Hudson’s Bay Co. executive chairman Richard Baker has submitted a $1.3 billion bid to take the department store operator private. Baker’s buyout consortium, which already owns 57% of Hudson’s Bay, has made a $9.45 per share offer for the remainder of the Canadian company, which was a 48 % premium to the price at which the stock was trading before the announcement.

However, some of the minority shareholders, including hedge fund Land & Buildings Investment Management LLC, say they value the company’s assets at between $28 and $33 per share. Hudson’s Bay shares ended trading on Friday June 21 at $9.73, above the $9.45 offer price, as investors bet on a sweetened bid.

Corporate governance experts and analysts are saying that the bid hinges on whether an independent valuator will view the company more as a retailer and less as a real estate owner.
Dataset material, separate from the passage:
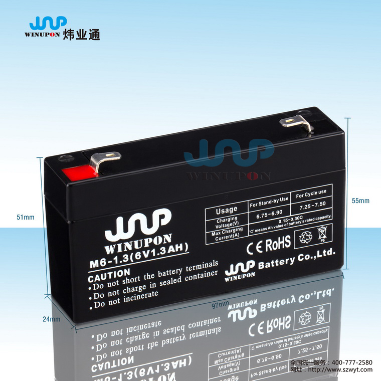 | 規格型號 | 6V1.3AH | 外形尺寸(±2mm) | 約重0.30KG | |||

Hudson’s Bay operates 39 stores under its Saks Fifth Avenue brand, 133 stores under its Saks OFF 5th brand, more than 40 stores under the Lord + Taylor banner, 90 Hudson’s Bay department stores, as well as 37 stores in Canada which the company 

plans to close this year under the Home Outfitters brand. Hudson’s Bay’s trophy asset is the Saks Fifth Avenue building in Manhattan, which this year completed a US$250 million renovation.

The big valuation gap is due to disagreements over how much of Hudson’s Bay’s prime real estate can be divested while keeping it operational. Selling off property raises cash but also makes it more financially burdensome for the company to rent the space for the stores it operates. As a result, it would likely close stores, and its retail footprint would begin to shrink.

TD Bank has been hired by a Hudson’s Bay board committee to independently evaluate the take-private deal, will recommend whether the company should accept the offer as fair, or reject it and try to negotiate further. The board committee excludes representatives of Baker’s buyout consortium and is granted power to prevent any deal, even if the prospective acquirers otherwise control the company. 

The methodology TD Bank uses to value the bid for Hudson’s Bay will be key to the outcome and will be scrutinized heavily by shareholders. The bank will likely be assessing how comparable companies’ shares trade, research similar deals and consider how much a financial buyer like a private equity firm would pay, said Andrey Golubov, a professor of finance at the University of Toronto.

Even if TD Bank blesses an offer from Baker’s consortium and the board committee negotiating a deal approves it, the acquisition still faces some hurdles. A majority of the shareholders who are not affiliated with the buyout consortium have to vote for it; they account for about 21.5% of the company’s shareholder base. Opponents could still challenge the deal in court when the company seeks approval for it before a judge under the Canada Business Corporations Act.